:: Task prompt ::
All of the records below need to be returned exactly.

:: Input records ::
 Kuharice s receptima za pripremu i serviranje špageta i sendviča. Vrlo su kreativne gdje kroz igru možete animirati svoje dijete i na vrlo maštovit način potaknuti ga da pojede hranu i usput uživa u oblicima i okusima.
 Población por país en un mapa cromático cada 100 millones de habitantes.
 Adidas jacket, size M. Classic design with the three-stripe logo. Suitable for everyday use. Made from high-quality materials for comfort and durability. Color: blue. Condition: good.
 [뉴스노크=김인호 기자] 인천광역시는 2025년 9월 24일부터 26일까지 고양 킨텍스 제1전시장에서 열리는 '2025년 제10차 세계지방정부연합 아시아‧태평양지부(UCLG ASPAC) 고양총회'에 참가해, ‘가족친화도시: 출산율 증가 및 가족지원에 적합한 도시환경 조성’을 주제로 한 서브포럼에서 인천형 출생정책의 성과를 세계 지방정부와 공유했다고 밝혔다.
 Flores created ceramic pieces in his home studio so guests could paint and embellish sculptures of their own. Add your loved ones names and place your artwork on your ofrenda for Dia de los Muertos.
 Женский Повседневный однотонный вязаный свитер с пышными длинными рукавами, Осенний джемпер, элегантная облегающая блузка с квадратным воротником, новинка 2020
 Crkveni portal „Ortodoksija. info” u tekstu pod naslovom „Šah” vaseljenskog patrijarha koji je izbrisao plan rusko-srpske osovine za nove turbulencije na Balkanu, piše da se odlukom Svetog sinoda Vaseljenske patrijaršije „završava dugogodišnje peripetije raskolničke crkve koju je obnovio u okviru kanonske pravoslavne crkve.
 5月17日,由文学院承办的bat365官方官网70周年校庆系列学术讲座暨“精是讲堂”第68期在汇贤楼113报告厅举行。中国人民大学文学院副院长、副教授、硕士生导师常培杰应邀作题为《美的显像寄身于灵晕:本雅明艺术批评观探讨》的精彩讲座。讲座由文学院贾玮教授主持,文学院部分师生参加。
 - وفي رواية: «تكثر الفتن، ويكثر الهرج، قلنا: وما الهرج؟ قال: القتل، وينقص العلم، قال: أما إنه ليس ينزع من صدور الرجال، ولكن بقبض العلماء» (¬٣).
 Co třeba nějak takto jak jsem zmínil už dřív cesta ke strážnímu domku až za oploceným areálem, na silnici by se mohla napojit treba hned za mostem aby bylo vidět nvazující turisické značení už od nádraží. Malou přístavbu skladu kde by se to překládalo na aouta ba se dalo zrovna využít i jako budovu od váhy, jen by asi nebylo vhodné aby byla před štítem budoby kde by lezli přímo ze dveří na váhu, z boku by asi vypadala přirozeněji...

:: Response ::
 Kuharice s receptima za pripremu i serviranje špageta i sendviča. Vrlo su kreativne gdje kroz igru možete animirati svoje dijete i na vrlo maštovit način potaknuti ga da pojede hranu i usput uživa u oblicima i okusima.
 Población por país en un mapa cromático cada 100 millones de habitantes.
 Adidas jacket, size M. Classic design with the three-stripe logo. Suitable for everyday use. Made from high-quality materials for comfort and durability. Color: blue. Condition: good.
 [뉴스노크=김인호 기자] 인천광역시는 2025년 9월 24일부터 26일까지 고양 킨텍스 제1전시장에서 열리는 '2025년 제10차 세계지방정부연합 아시아‧태평양지부(UCLG ASPAC) 고양총회'에 참가해, ‘가족친화도시: 출산율 증가 및 가족지원에 적합한 도시환경 조성’을 주제로 한 서브포럼에서 인천형 출생정책의 성과를 세계 지방정부와 공유했다고 밝혔다.
 Flores created ceramic pieces in his home studio so guests could paint and embellish sculptures of their own. Add your loved ones names and place your artwork on your ofrenda for Dia de los Muertos.
 Женский Повседневный однотонный вязаный свитер с пышными длинными рукавами, Осенний джемпер, элегантная облегающая блузка с квадратным воротником, новинка 2020
 Crkveni portal „Ortodoksija. info” u tekstu pod naslovom „Šah” vaseljenskog patrijarha koji je izbrisao plan rusko-srpske osovine za nove turbulencije na Balkanu, piše da se odlukom Svetog sinoda Vaseljenske patrijaršije „završava dugogodišnje peripetije raskolničke crkve koju je obnovio u okviru kanonske pravoslavne crkve.
 5月17日,由文学院承办的bat365官方官网70周年校庆系列学术讲座暨“精是讲堂”第68期在汇贤楼113报告厅举行。中国人民大学文学院副院长、副教授、硕士生导师常培杰应邀作题为《美的显像寄身于灵晕:本雅明艺术批评观探讨》的精彩讲座。讲座由文学院贾玮教授主持,文学院部分师生参加。
 - وفي رواية: «تكثر الفتن، ويكثر الهرج، قلنا: وما الهرج؟ قال: القتل، وينقص العلم، قال: أما إنه ليس ينزع من صدور الرجال، ولكن بقبض العلماء» (¬٣).
 Co třeba nějak takto jak jsem zmínil už dřív cesta ke strážnímu domku až za oploceným areálem, na silnici by se mohla napojit treba hned za mostem aby bylo vidět nvazující turisické značení už od nádraží. Malou přístavbu skladu kde by se to překládalo na aouta ba se dalo zrovna využít i jako budovu od váhy, jen by asi nebylo vhodné aby byla před štítem budoby kde by lezli přímo ze dveří na váhu, z boku by asi vypadala přirozeněji...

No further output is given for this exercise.